В судах западных стран оговорка о публичном порядке многократно использовалась для ограничения действия советских законов о национализации и непризнании права собственности советского государства на национализированное имущество. Поначалу эта практика, опиравшаяся не только на оговорку о публичном характере, но и на иные доводы (квалификация актов о национализации как карательных, ссылки на непризнание советского государства и др.), распространялась на любое национализированное имущество, независимо от того, где оно находилось в момент национализации, – на территории советского государства или за его пределами.
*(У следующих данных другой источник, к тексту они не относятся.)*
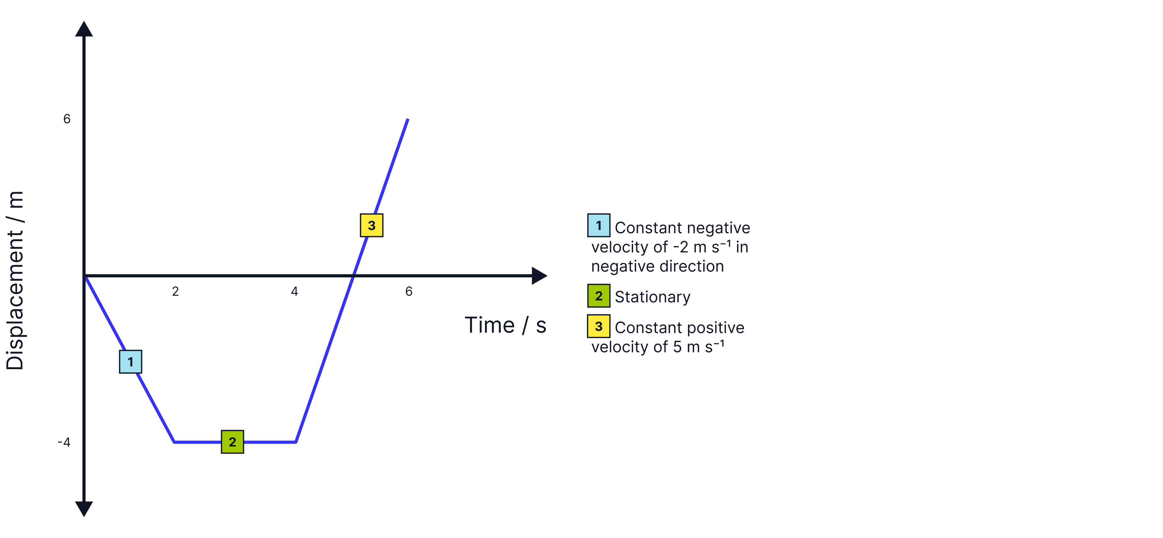 Constant negative velocity of, , which tells us that the object is moving at in the negative direction / to the left.

В последующем практика стала склоняться к признанию права собственности советского государства на национализированное им имущество при условии, что в момент национализации имущество находилось в его пределах и, лишь будучи национализированным, оказывалось за границей, где бывшие собственники предъявляли виндикационные иски.

Переломным в этом отношении явилось решение Высшего суда Англии по делу «Акционерное общество А.М. Лютер против Джеймса Сегора и К0» от 12 мая 1921 г., вынесенное, и это важно отметить, после заключения соглашения между РСФСР и Великобританией, по которому британская сторона признала de facto советское правительство[120].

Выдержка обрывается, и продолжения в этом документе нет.